Closed ufimtsev closed 3 years ago
Hi!
Thanks for your interest! Yes, you are exactly right with both assumptions. The hyperparameter div
is supposed to mimic what people do with non-equivariant transformers plus it makes it more efficient.
Hi Fabian,
Thanks for your answer. May I ask you another question here so we wouldn't need to create a new issue... Namely, are a node's own key and value used to compute the weighted sum of values? It seems you query each node neighbors' keys and dot them by the node's query, which is how attention works I suppose, but it seems that the node's own key is not dotted by the node's query and the node's own value is not added to the sum. Is it designed to work so or am I wrong somewhere? Sorry if this is an obvious question, I have very little experience with transformers, and no experience whatsoever with dgl... Thanks again for the great code!

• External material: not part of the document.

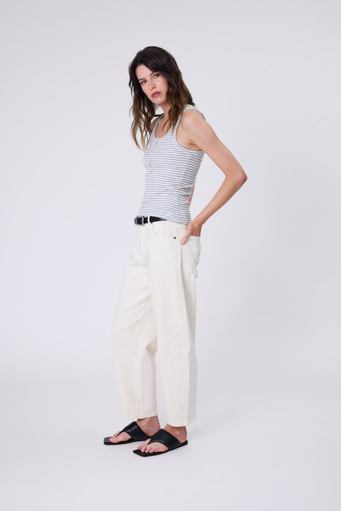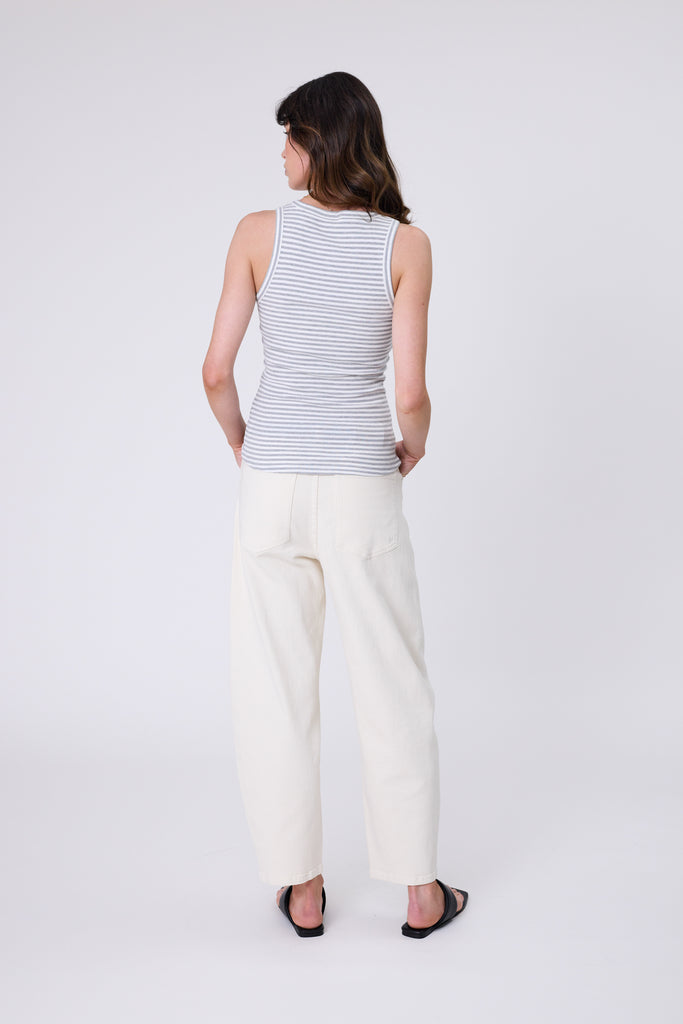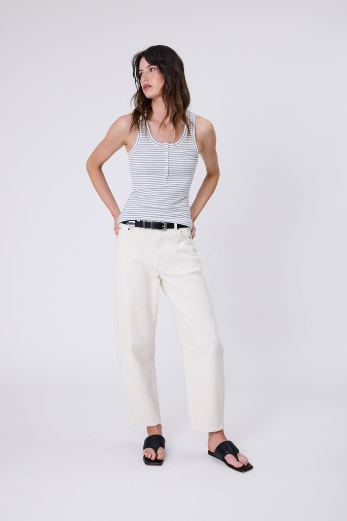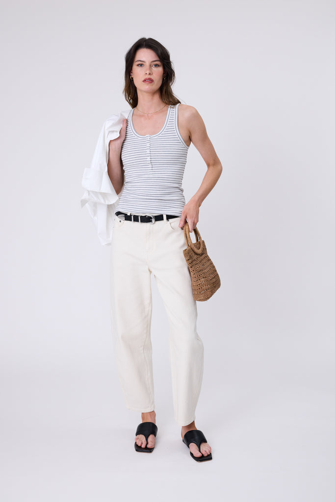 A versatile wardrobe staple, the Essence Henley Tank adds a subtle pop of stripe to any outfit. Crafted from soft cotton stretch knit fabric with a fine rib-knit texture, it features a flattering scoop neckline and slim silhouette. Perfect layered under shirts and cardigans, or simply worn on its own.

You are correct in your observation. The reason is the following: the way we compute keys and queries uses the spherical harmonics evaluated at the relative position. If node_key==node_query, the relative position will be 0, which would cause problems. Hence, we don't 'attend' to the query node.
Hi Fabian,
Thanks for the great code. I wanted to ask why you had to scale the channels by div in the attention layer... Is it akin to scaling the channels in vanilla transformer by the number of heads? Or were there other considerations like memory/speed involved? Thanks!